Красота, вызывающая не восхищение, а любовь. Красота, вызывающая желание – не отойти подальше от греха подальше.
А подойти поближе, к ней поближе.
К этой красоте и молодости.
А если ещё при этом абсолютный талант, временами переходящий в гений.
Который сияет даже в некотором дерьме какого-то фильма.
Ну не обязана женщина предвидеть весьма коллективный результат.
Инна и смешна, и трагична, и умна, и неумна.
И в этом больше, чем во всём остальном.
В этом и то, что исходит от неё самой.
Всё, что светится, скажу красиво, через вуаль авторских слов и через стулья режиссёрских находок.
Она находится одна.
Ей приходится из женщин из всех актрис одной играть и выворачивать душу себе и нам, и не бояться плохо выглядеть, потому что для остальных, с трудом играющих рядом с ней, – это катастрофа.
Чуть хуже выглядеть – это нечем брать. А брать хочется.
А ты берёшь нас сразу и за всё.
И за живое.
И за придуманное.
И как бы актёр ни перевоплощался, мы всегда видим, какой это человек.
Вот видно, кто он.
Куда он помчится после спектакля.
Ну так видно, что хочется дочери запретить и т. д.
И ты видна, Инночка!
И от этого на душе светлее.
Мне много чего дарили, но лучшее – это Инна Чурикова, умеющая слушать.
И в завершение заключения.
Ты будешь вечной.
Тебе терять нечего.
Ты и в молодости была немолодой.
В тебе и тогда не было сокрушительного очарования глупости и кровопролитной кошачьей грации.
Поэтому ты ничего не потеряла.
А приобрела всё!
И оно теперь твоё.
Разноцветная любовь
Мы ведь как летали по Америке.
Мы покупали за 400 долларов «стэндбай», это значит – на свободные места и в течение месяца летай куда хочешь на свободных местах.
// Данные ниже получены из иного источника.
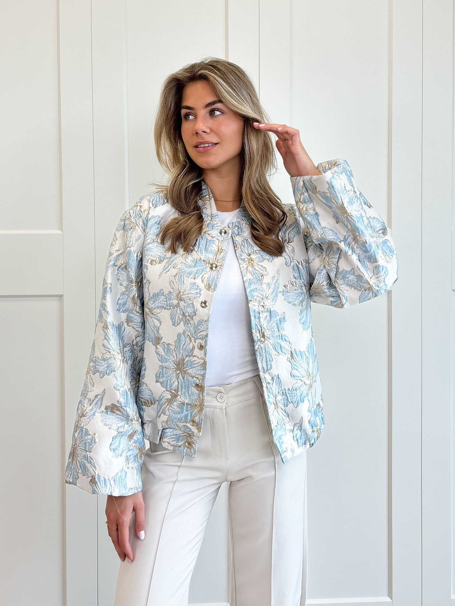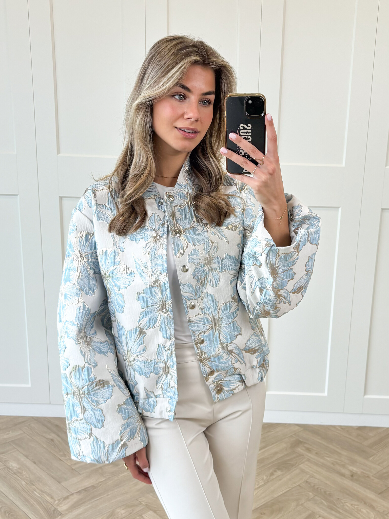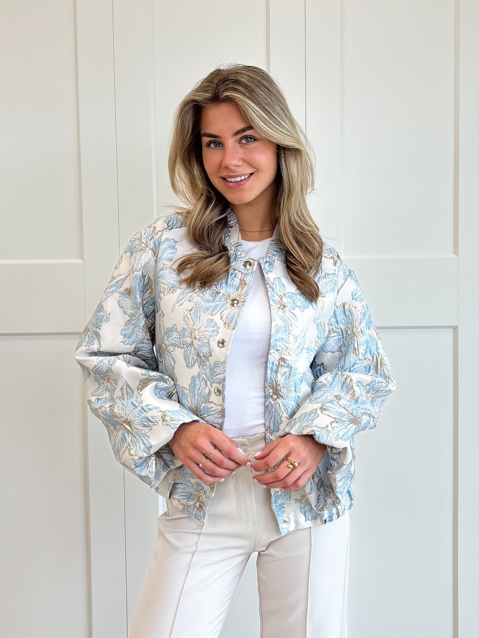 De jas is voorzien van een kleurrijke bloemenprint die een speelse touch geeft. Een prachtig detail van zachte, licht glanzende stof tot de subtiele gouden glinsterende accenten die bij elke beweging het licht vangen. De gouden details zijn verwerkt in het patroon zelf. Een subtiele glamour die net dat beetje extra geeft. De jas heeft een comfortabele pasvorm wat zorgt voor een perfecte aansluiting. Binnenin is hij gevoerd met een gladde, ademende stof die warmte biedt zonder zwaar aan te voelen, ideaal voor het tussenseizoen. Combineer hem moeiteloos met jeans en sneakers voor een casual look, of draag hem over een jurk voor een verrassend contrast. Of je nu een fashion statement wilt maken of gewoon iets zoekt dat zowel stijlvol als comfortabel is. Deze bloemen bomber jas met gouden glans is een echte eyecatcher die elke outfit naar een hoger niveau tilt!
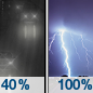 Temperature: 42°F Wind Speed: 10 to 16 mph Wind Direction: SSW Forecast: Rain before 10pm, then showers and thunderstorms between 10pm and 4am, then rain. Cloudy, with a low around 42. |

В общем, всегда у туалета.
Летим из Нью-Йорка. Я на предпоследнем. На самом заднем расположились двое: один – мой товарищ с американской стороны, другой – мой друг с российской стороны и, дико ругаясь, подводят баланс.
– Такси. Два доллара.
– Я платил.
– Нет, я платил.
– Гостиница, триста долларов, я платил?
– Я платил.
– Это ты платил?
– Обед в день прилёта, шестнадцать долларов. Кто платил?
– Никто не платил.
– Как никто? Нас бы арестовали.
Я у прохода.
У окна молодая негритянка от восемнадцати до двадцати пяти, на голове сорок тысяч косичек. Непрерывно двигается, толкается, касается и тут же подозрительно смотрит.
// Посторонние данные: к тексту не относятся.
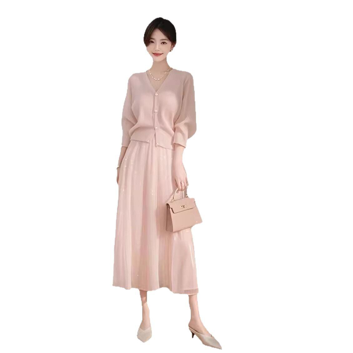 ●この心地よいニットスーツは、柔らかな素材感と独特なピンクの色合いが特徴で、秋の季節にぴったりなスタイルを演出します。長袖のデザインは、温かく快適な着心地を提供し、スカートのフレアラインが女性らしさを引き立てます。どんなトップスとも合わせやすく、カジュアルなお出かけから特別なシーンまで幅広く活躍すること間違いなし!
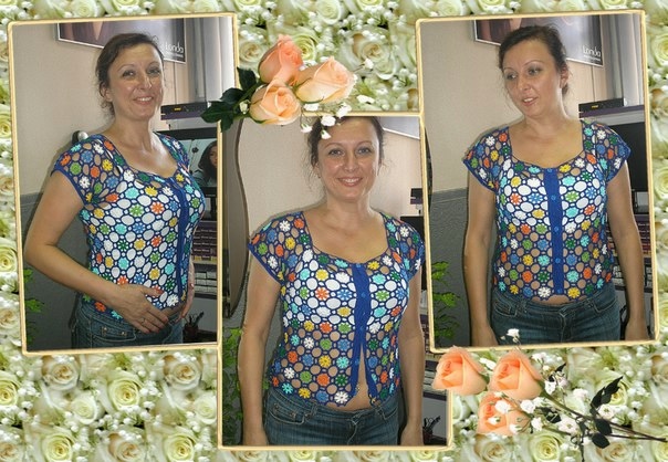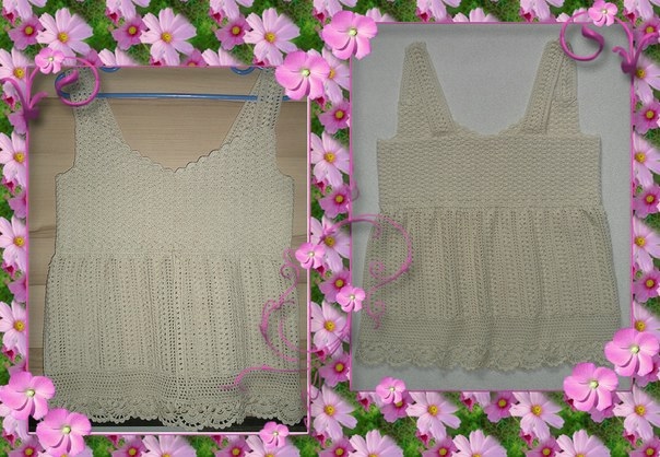 Ажурная блуза.Мотивы из сосо, основной цвет-нитки Анна 14, крючок 2.
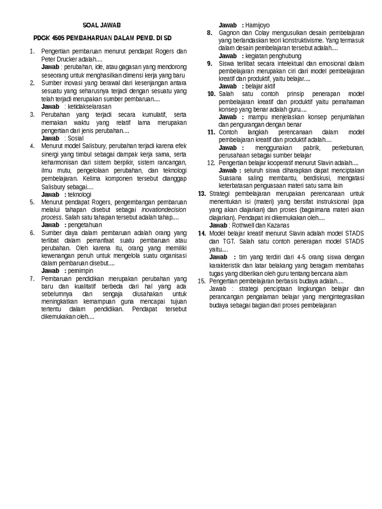 Soal Ujian Ut Pgsd Pdgk4502 Pengembangan Kurikulum Dan Pembelajaran D
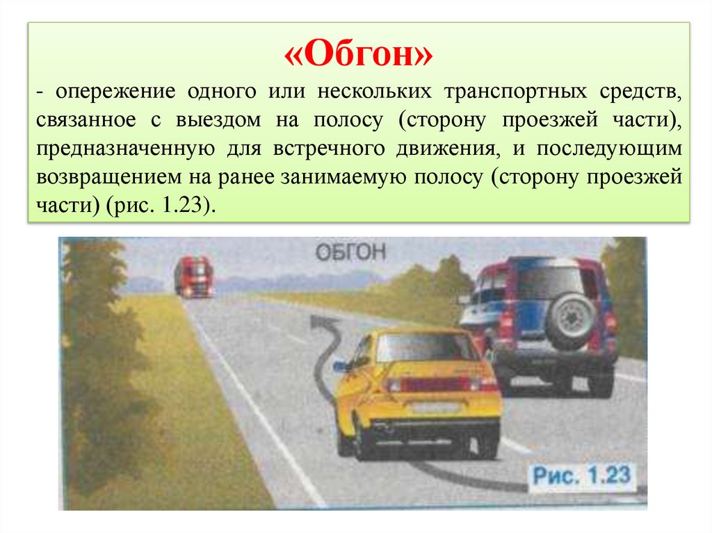 «Обгон»- опережение одного или нескольких транспортных средств,
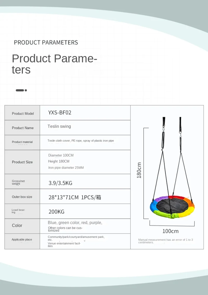 Designed with comfort in mind, the Parent-child Hanging Hammock Swing offers a cozy, relaxing experience. The soft, supportive Teslin material molds to your body, providing ultimate relaxation for both parents and children. The swing’s gentle sway allows you to unwind while enjoying nature and fresh air.
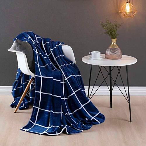 Cobertor Manta Minimalista Casal Queen Manta Flannel Quadrados Inverno 01 Peça - Azul Marinho - Única
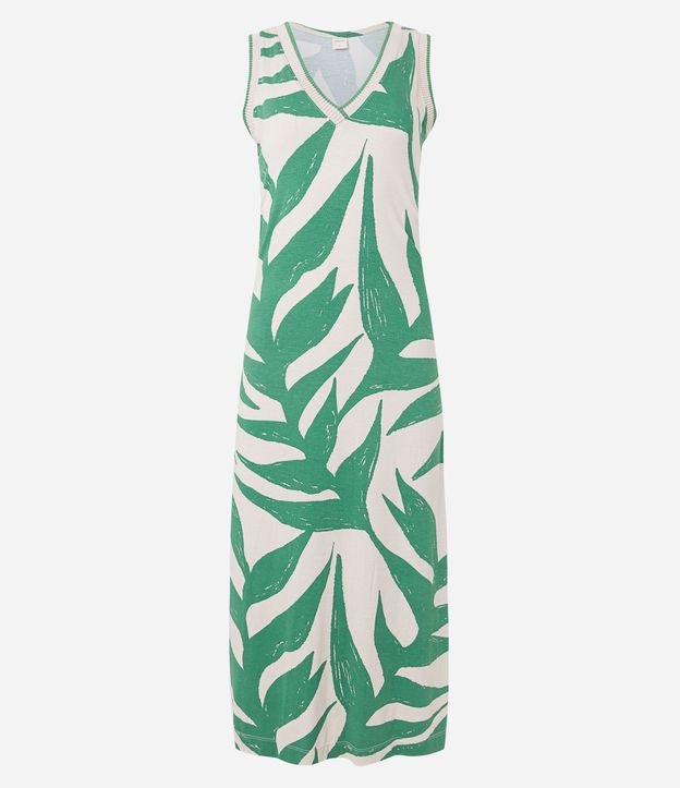 Vestido Midi Sem Manga em Viscose com Folhagens Estampadas
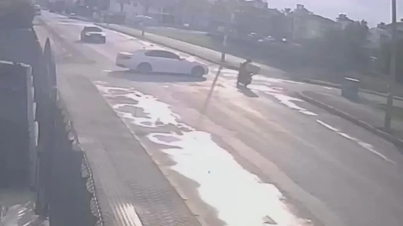 Görüntüde, ana yolda ilerleyen motosiklet ile yan yoldan gelen otomobilin çarpışması ve motosikletlinin savrulması yer alıyor.
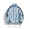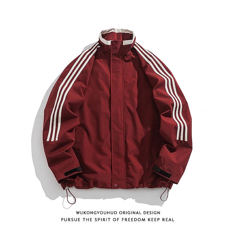 Unisex Retro Three Stripes Stand Collar Windbreaker - Trendy Loose Fit Jacket for Spring/Autumn Streetwear

Что-то у неё происходит под одеялом, в результате она то в шортах, то в джинсах, то в юбке, то в халате. Поселилась в этом кресле, а я сосед.
И всё время касается и тут же подозрительно смотрит.
У меня ощущение, что я к ней пристаю.
Хотя сидеть уже, чем я, невозможно.
Обычно я по-английски произношу одну фразу. Я эту фразу могу говорить на четырёх языках без акцента: «Я вас не понимаю». После этого все начинают со мной быстро говорить.
Лететь шесть часов. Она уже полчаса говорит. И я уже понял, спрашивает, откуда, куда и кто я такой. К этому времени она была в шортах и лёгкой кофточке на своё голое, своё юное, своё цветное тело. Лететь всю ночь. Рядом ароматное нежное создание спрашивает, кто ты такой. А ты, как древняя обезьяна, молчишь и только виляешь, виляешь и смотришь, смотришь. Ввиду отсутствия хвоста виляешь всем телом.
Учите английский, мужики, это ещё сто тысяч женщин!
И тут мне приходит в голову последняя мысль. Я достаю из портфеля буклет, то есть расписание концертов. Там по-английски моя биография. И сказано, что 16 мая мой авторский вечер в Карнеги-холле… И если, думаю я, после этого мы оба не уйдём под её одеяло, я последний советский кретин… Что и оказалось.
Она спросила:
– Это кто?
– Я, я… Вот же мой портрет.
– Карнеги-холл?!
– Да, да…
– Ваш концерт?
– Да, да… Вот же мой портрет.
– И вы сидите в хвосте и вся очередь в туалет опирается на вашу лысую голову?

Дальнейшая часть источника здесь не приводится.